Но Семен Григорьич не дал ей уйти. Он что-то говорил, он просил посидеть, он обещал покорность и послушание.
Во время этого разговора щелкнул замок во входной двери. Вернулась Лизонька. Розовая, свежая, пахнущая морозом. Внимательно оглядев мужа, она поняла, какова «обстановка». И тут же принялась уговаривать Машу:
— Вы останетесь у нас! Никуда я не пущу вас, никуда! Сейчас поставлю чайник, выпьем чаю и спать!
Машу снова оставили ночевать, и Лизонька снова просила на это разрешения у Машиного отца. «Тяжелый случай», — пробормотал Маркизов, когда Лизонька повесила трубку. Он не раз говорил Маше о том, что излишняя родительская опека не идет девушке, которой почти двадцать лет.
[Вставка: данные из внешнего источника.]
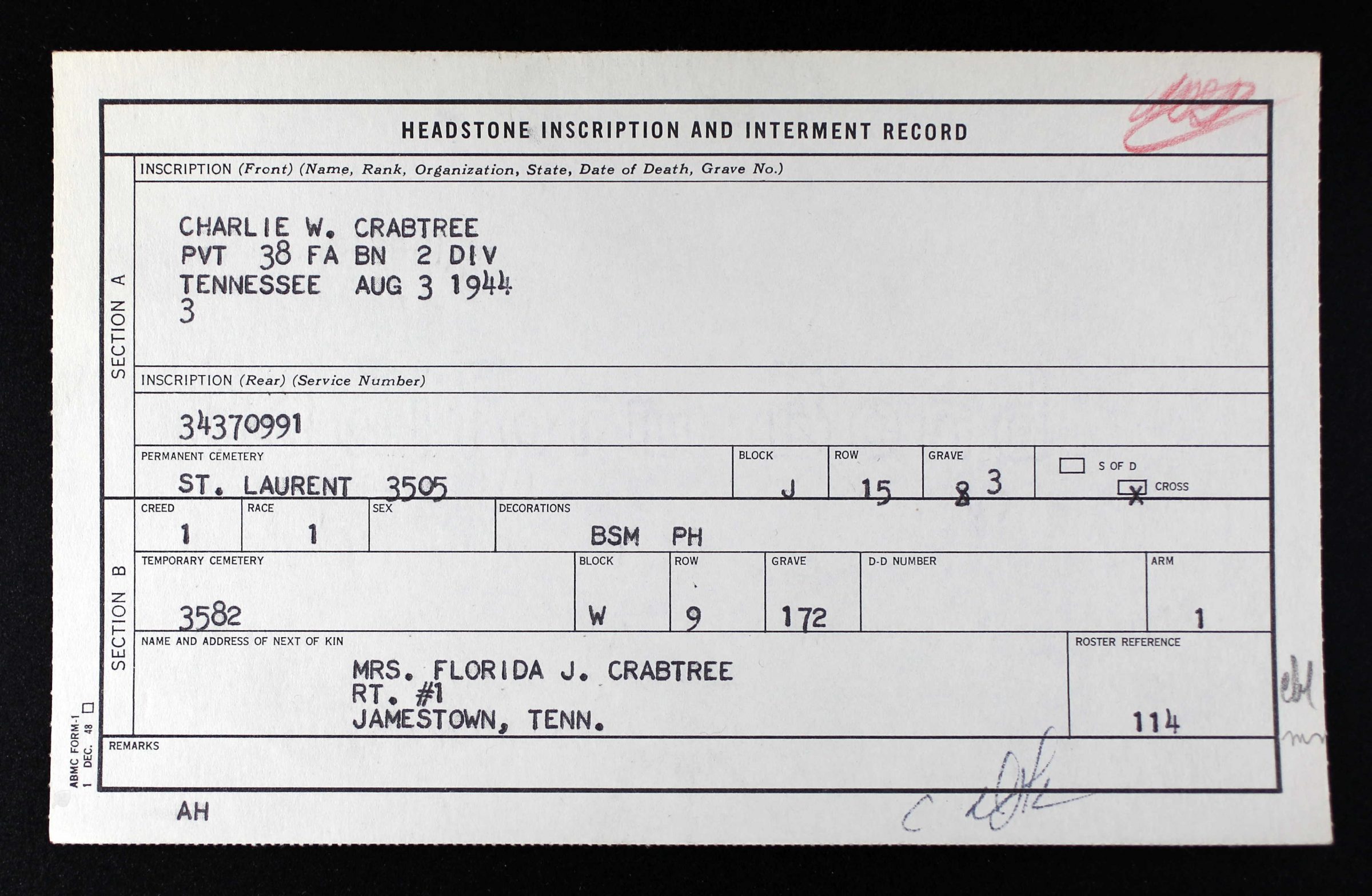 Private Charlie W. Crabtree was assigned to the 38th Field Artillery Battalion, 2nd Infantry Division. The division was involved in the battle for St. Lo on the Normandy peninsula.
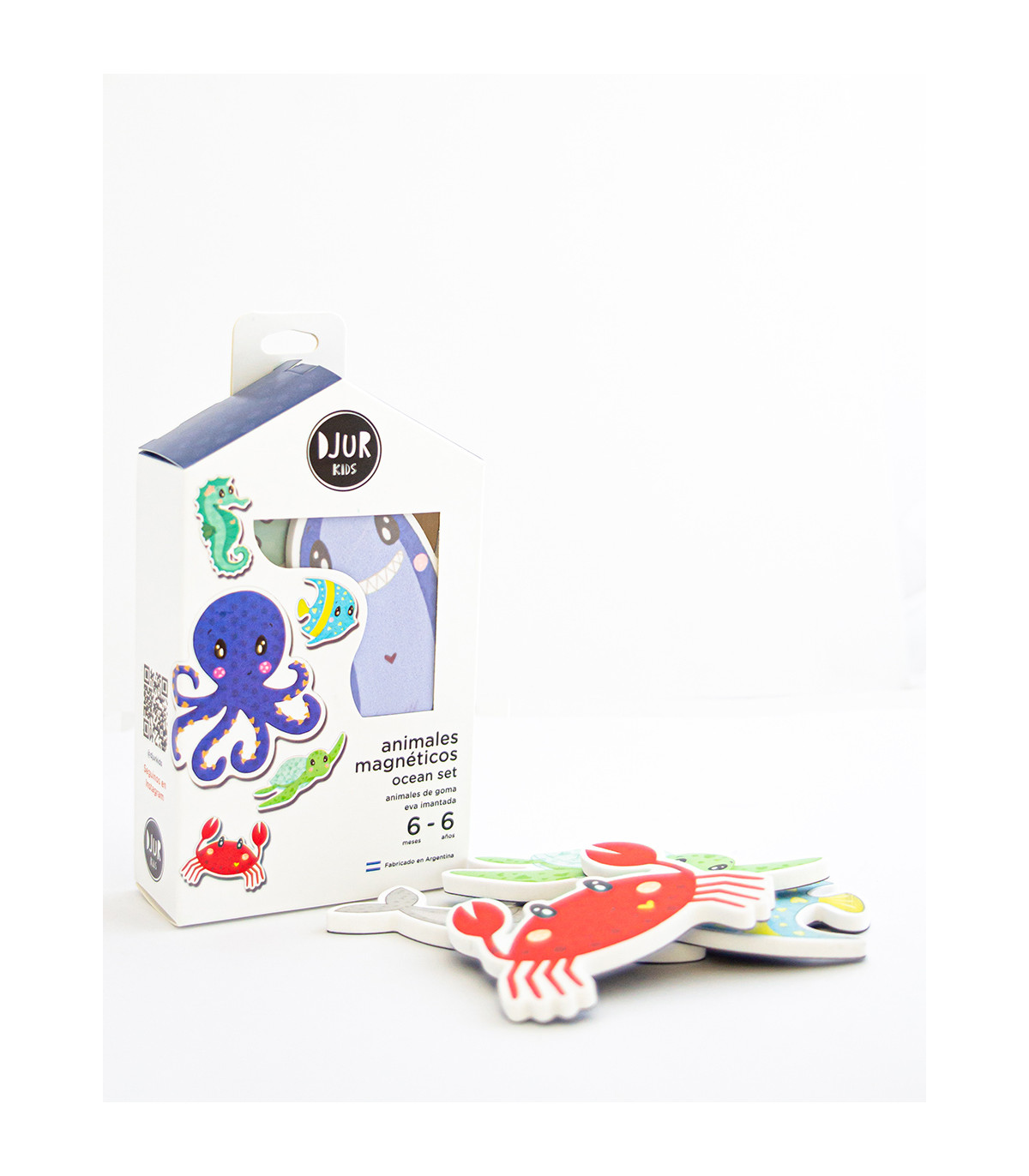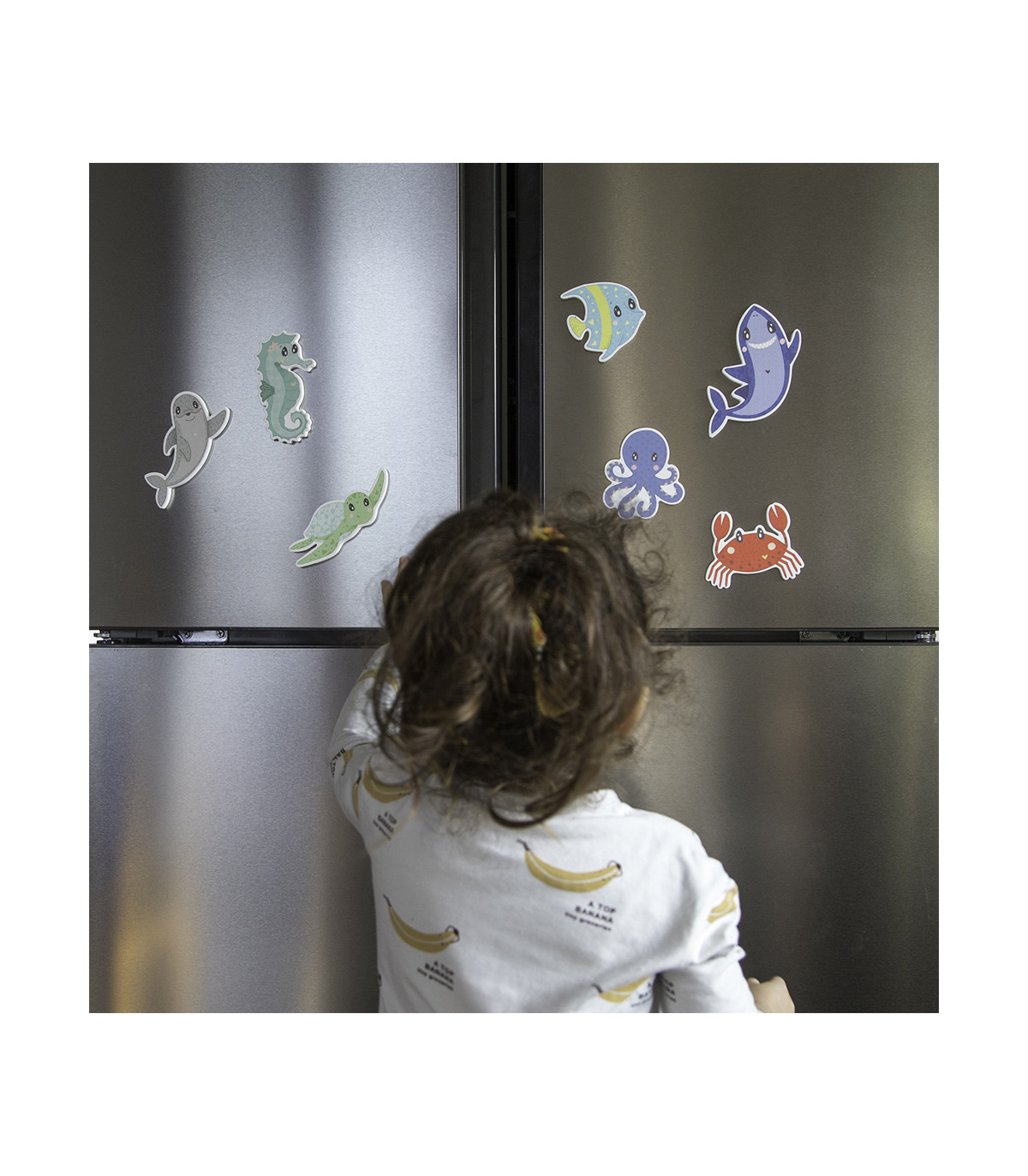 ¡Los animales de Djur Kids te acompañan por toda la casa! 7 animales de goma eva imantados: Hipocampo, Tiburón, Pulpo, Cangrejo, Pez, Delfín y Tortuga.

Спустя неделю Маша застала в гостях у Маркизовых краснолицего поэта и его жену. Поэт хотел сделать Маше приятное и подарил ей книгу своих стихов с автографом. Он рассказывал о своем выступлении в одном детском доме. Он хвалился хорошим приемом, его сказка в стихах понравилась детям.
— А мы в прошлом году на гастролях в Крыму встречались с пионерами, — мечтательно сказал Семен Григорьич. — Такие славные маленькие мальчишки и девчонки в голубых трусиках! Один мальчуган мне все потом покою не давал, видно, я ему понравился.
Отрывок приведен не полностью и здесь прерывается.